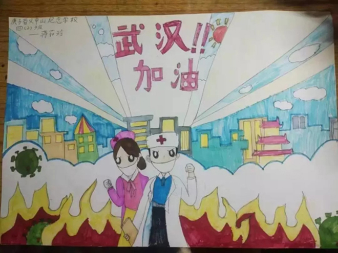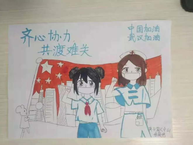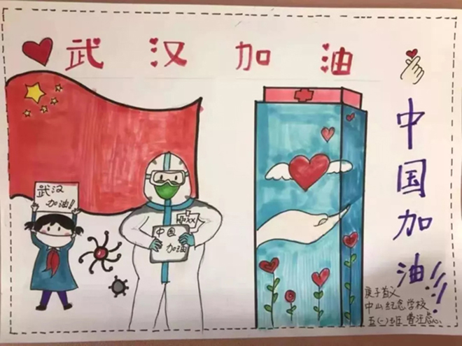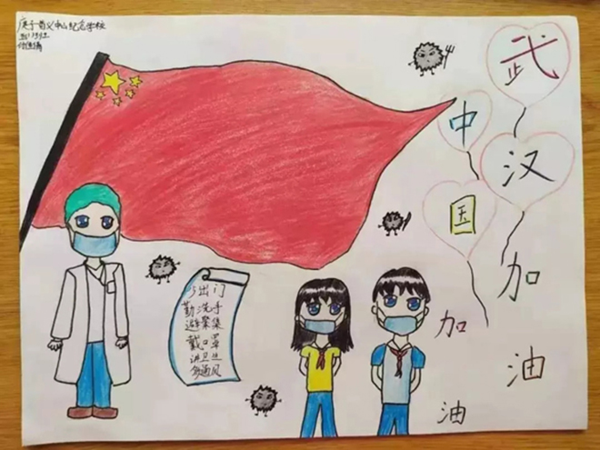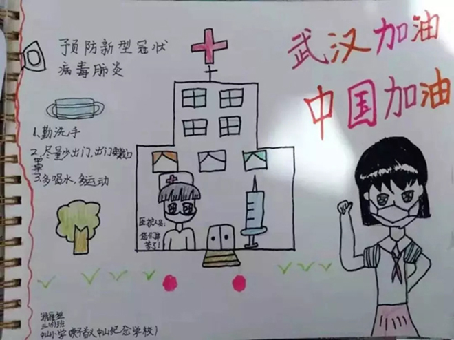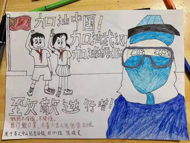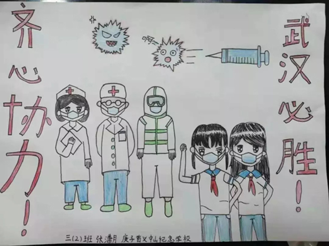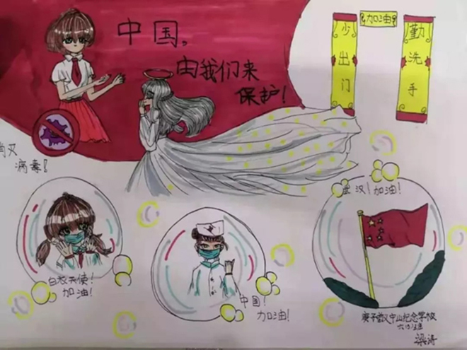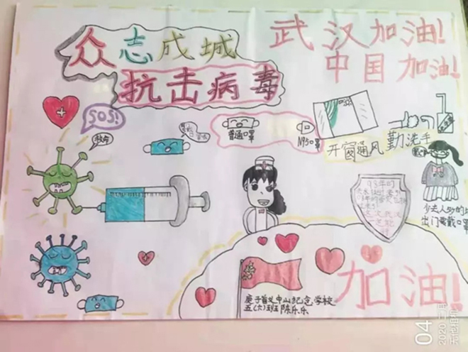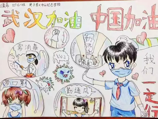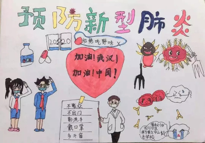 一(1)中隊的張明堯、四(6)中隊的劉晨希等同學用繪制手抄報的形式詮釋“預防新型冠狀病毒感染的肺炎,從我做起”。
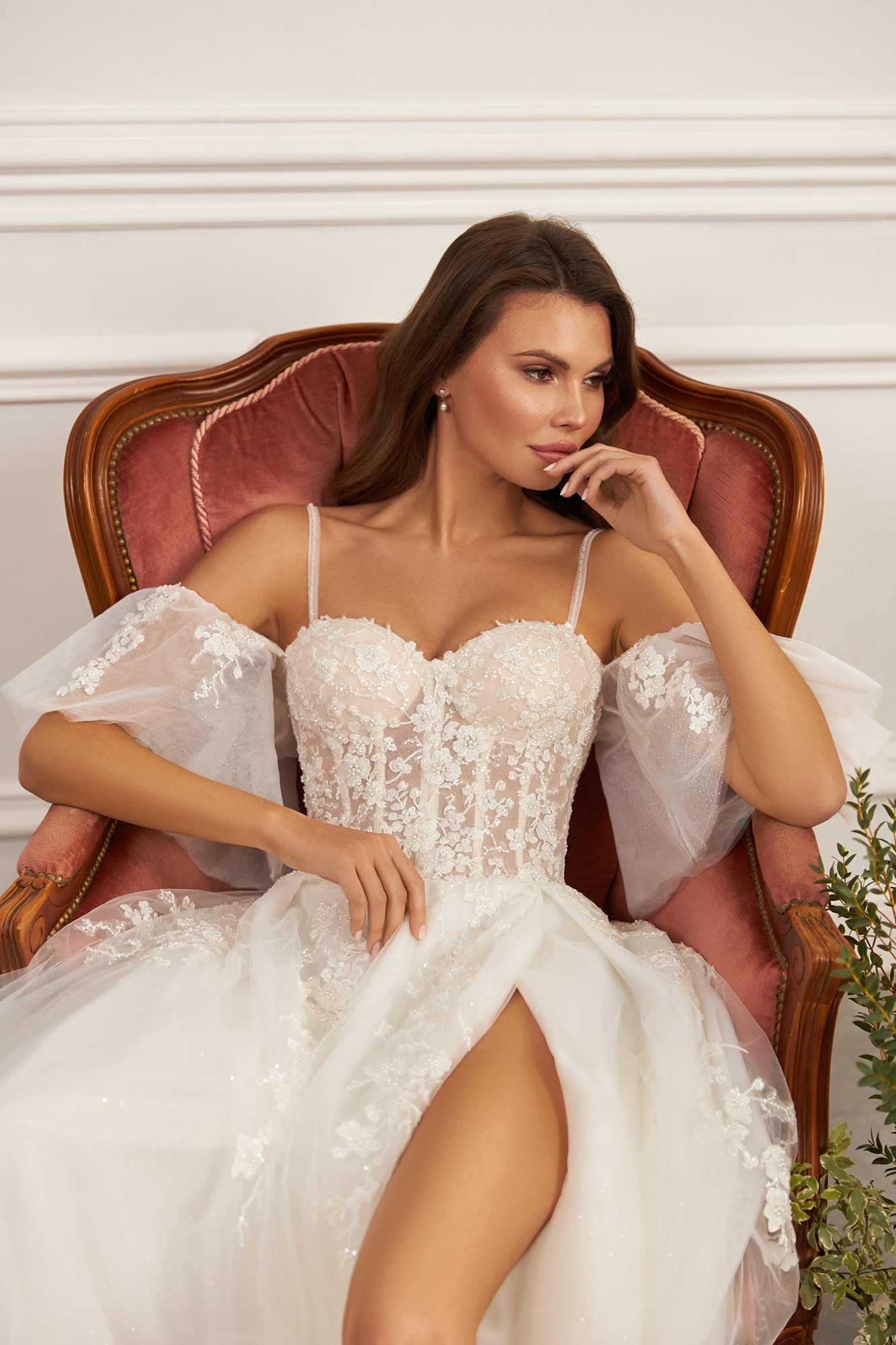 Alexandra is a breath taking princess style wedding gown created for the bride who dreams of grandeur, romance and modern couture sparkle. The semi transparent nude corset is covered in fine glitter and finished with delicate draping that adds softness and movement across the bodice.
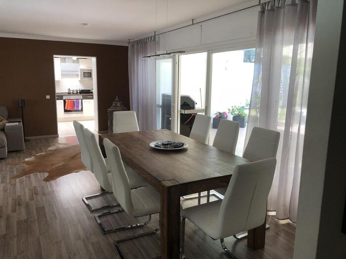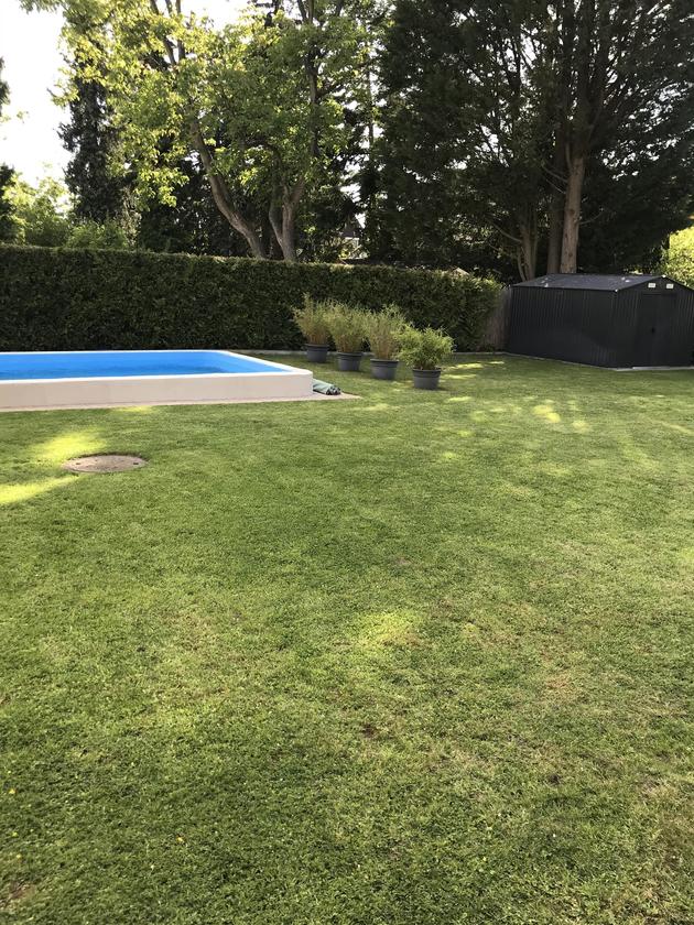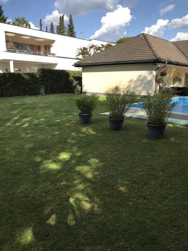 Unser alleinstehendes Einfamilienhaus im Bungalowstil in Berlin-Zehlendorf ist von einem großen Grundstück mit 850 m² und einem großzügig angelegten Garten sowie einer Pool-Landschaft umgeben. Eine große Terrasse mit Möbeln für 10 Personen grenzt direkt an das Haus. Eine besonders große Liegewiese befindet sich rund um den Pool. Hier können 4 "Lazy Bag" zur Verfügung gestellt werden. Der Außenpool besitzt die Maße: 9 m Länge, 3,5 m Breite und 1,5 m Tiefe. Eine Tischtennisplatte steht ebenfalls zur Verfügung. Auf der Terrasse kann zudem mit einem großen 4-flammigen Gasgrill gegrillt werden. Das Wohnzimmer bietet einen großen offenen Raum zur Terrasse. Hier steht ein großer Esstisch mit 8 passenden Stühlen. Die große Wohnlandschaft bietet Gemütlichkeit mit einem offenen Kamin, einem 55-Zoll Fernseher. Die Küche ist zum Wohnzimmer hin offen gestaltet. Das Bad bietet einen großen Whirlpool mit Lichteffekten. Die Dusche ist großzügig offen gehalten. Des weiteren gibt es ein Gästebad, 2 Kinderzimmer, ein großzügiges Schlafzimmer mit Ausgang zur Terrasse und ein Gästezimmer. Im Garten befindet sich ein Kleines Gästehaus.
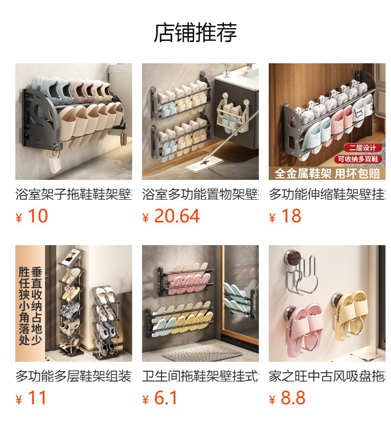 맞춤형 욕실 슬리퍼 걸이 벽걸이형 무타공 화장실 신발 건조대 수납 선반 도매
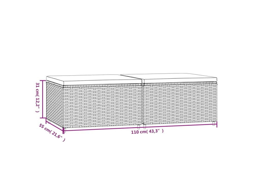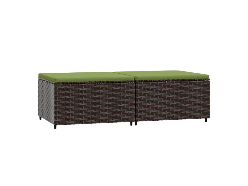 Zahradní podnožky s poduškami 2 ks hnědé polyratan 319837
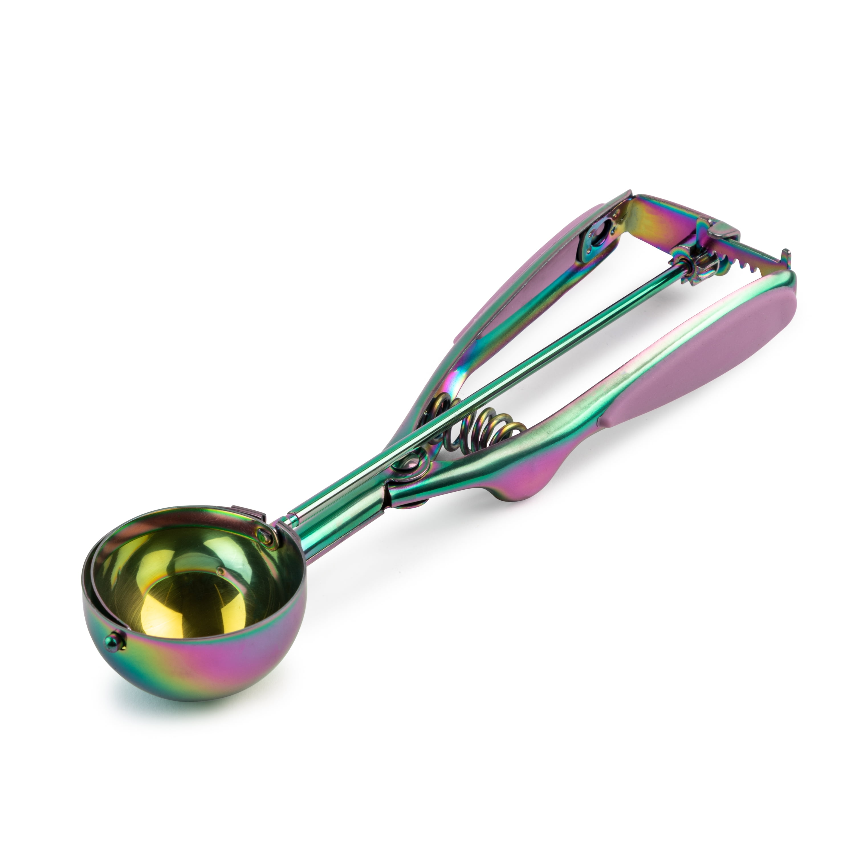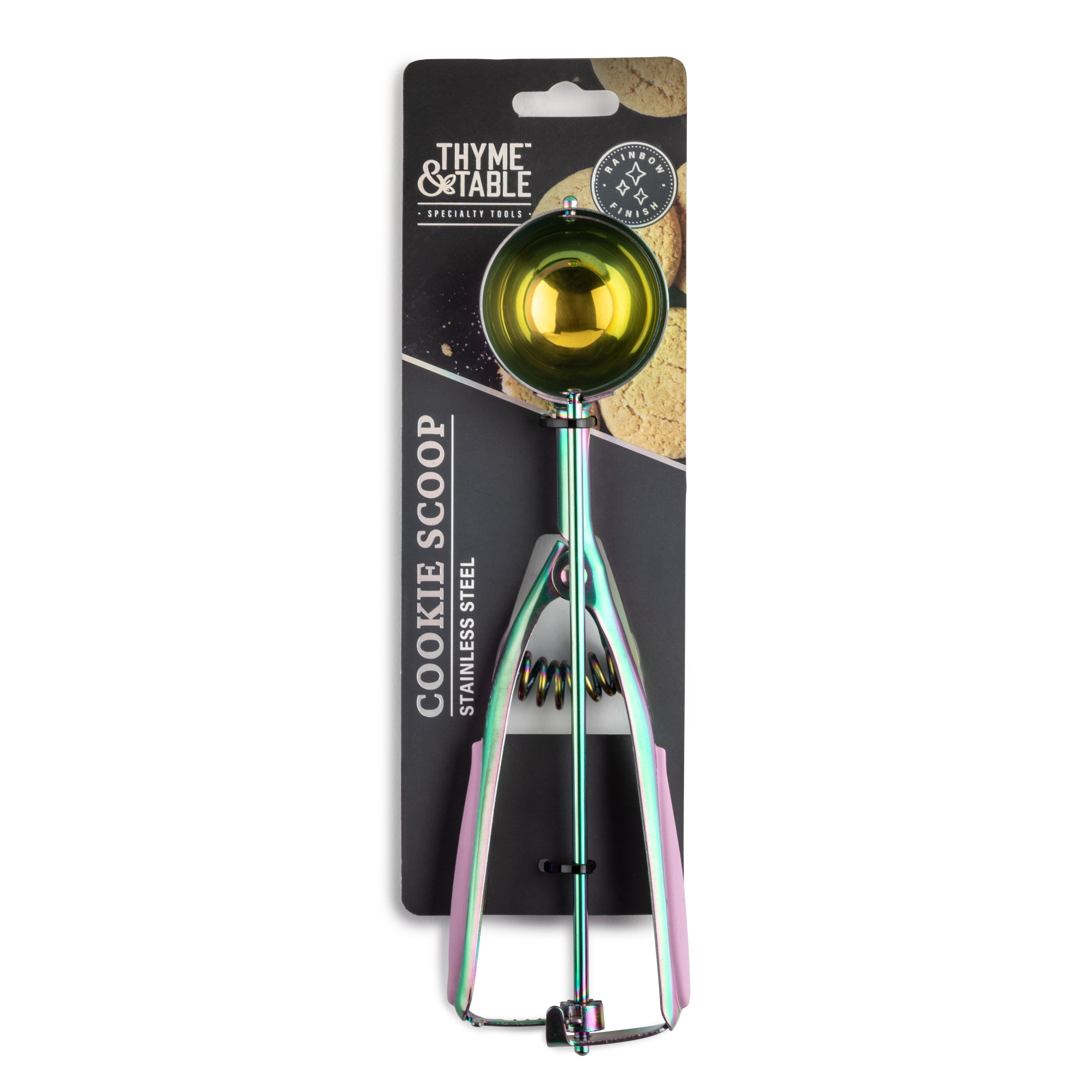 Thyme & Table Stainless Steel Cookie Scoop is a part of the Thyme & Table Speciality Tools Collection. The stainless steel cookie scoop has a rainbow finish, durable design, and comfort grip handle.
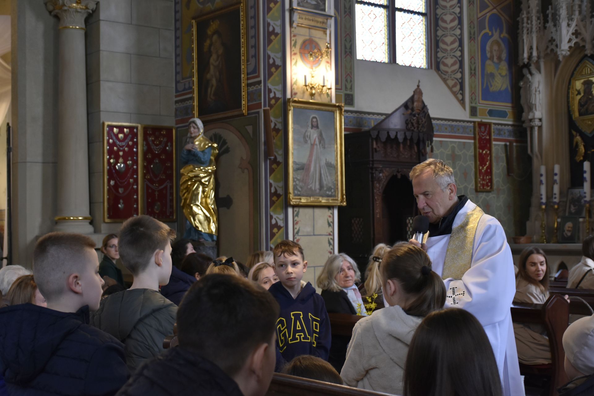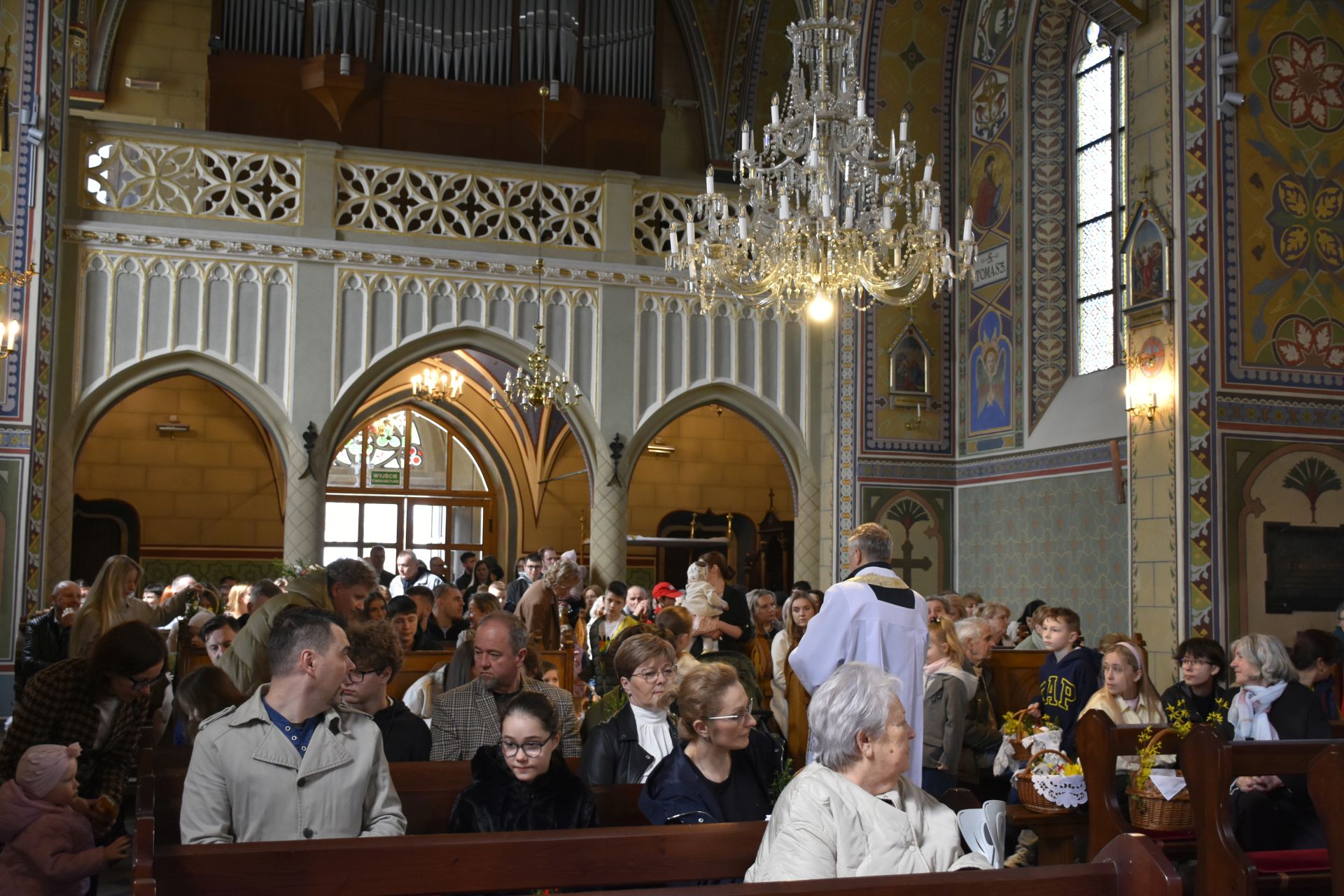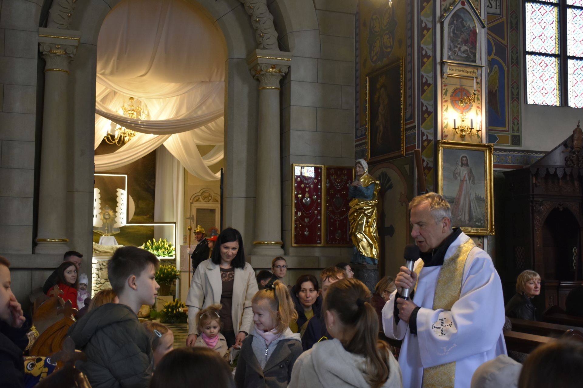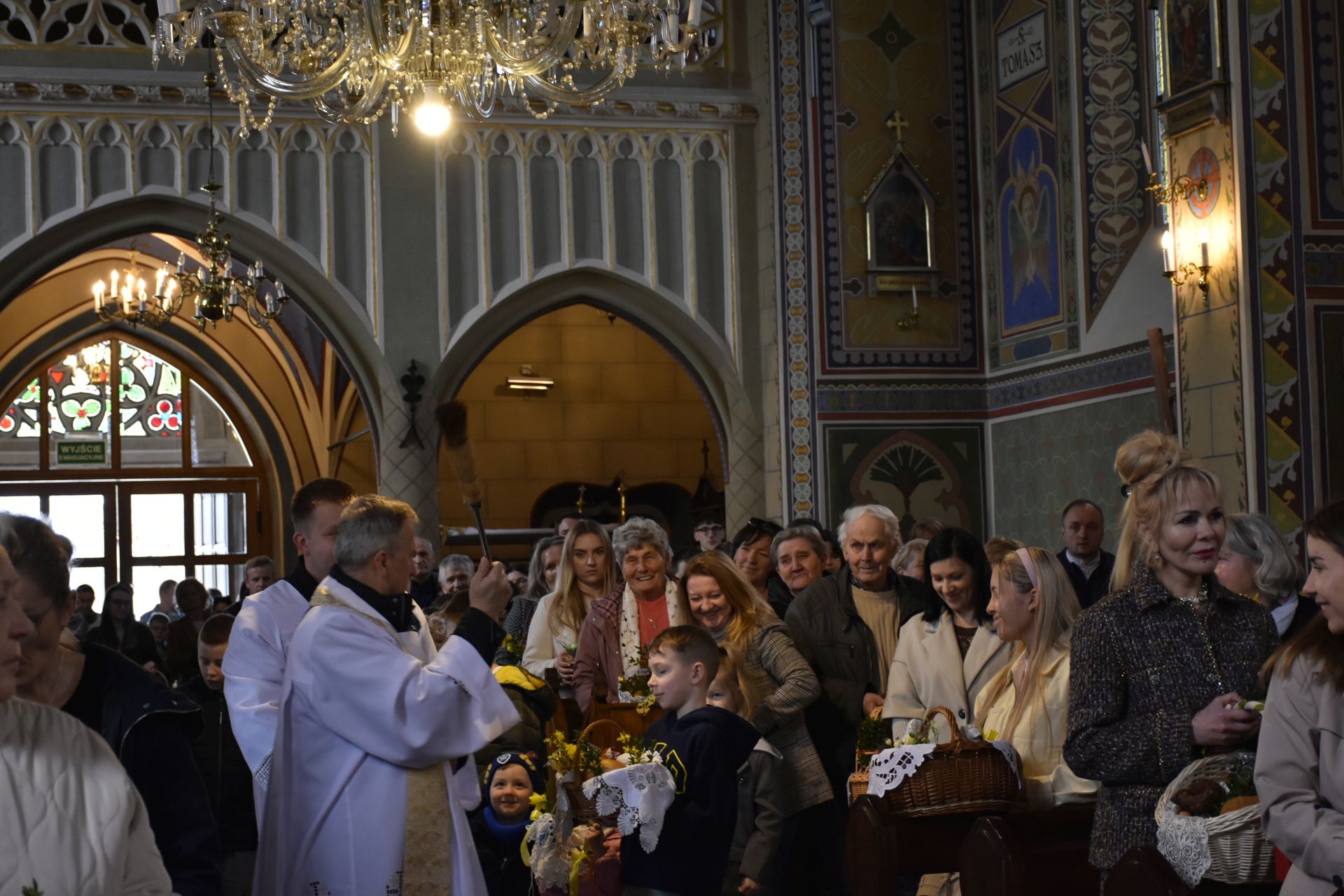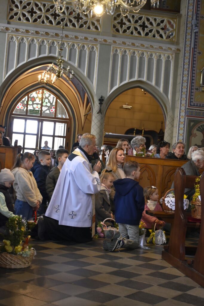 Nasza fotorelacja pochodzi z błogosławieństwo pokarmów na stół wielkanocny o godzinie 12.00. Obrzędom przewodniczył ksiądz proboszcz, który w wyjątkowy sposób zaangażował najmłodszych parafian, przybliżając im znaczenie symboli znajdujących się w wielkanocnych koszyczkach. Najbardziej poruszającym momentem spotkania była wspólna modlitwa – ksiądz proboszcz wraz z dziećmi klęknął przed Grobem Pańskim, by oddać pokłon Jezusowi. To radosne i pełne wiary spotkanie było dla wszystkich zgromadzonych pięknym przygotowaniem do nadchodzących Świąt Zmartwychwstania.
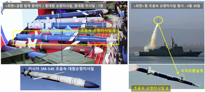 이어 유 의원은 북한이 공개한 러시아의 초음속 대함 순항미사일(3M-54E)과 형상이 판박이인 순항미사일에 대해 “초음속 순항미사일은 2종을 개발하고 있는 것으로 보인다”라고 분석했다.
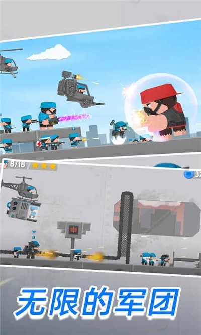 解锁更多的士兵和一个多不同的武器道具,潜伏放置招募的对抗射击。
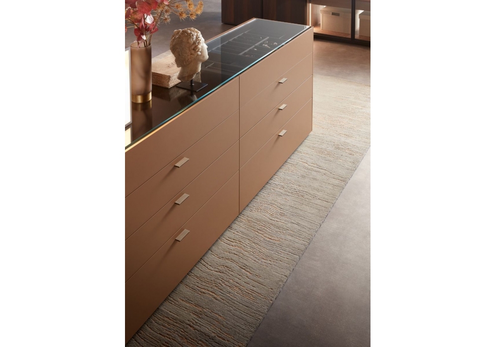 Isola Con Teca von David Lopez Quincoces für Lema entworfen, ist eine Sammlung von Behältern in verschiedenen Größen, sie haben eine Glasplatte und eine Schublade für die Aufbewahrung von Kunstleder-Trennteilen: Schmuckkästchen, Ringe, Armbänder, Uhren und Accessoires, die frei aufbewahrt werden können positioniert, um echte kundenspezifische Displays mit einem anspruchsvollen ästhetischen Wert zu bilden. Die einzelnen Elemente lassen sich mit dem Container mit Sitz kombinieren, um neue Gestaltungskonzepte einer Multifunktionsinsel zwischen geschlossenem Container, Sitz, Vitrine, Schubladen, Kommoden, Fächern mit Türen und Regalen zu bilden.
========
_REQUIREMENT_: Could you set down, exactly as written, every line from the start of the records above through the line containing "Alexandra is a", leaving the pictures out?

_THE COMPLETED TASK_:
 一(1)中隊的張明堯、四(6)中隊的劉晨希等同學用繪制手抄報的形式詮釋“預防新型冠狀病毒感染的肺炎,從我做起”。
 Alexandra is a breath taking princess style wedding gown created for the bride who dreams of grandeur, romance and modern couture sparkle. The semi transparent nude corset is covered in fine glitter and finished with delicate draping that adds softness and movement across the bodice.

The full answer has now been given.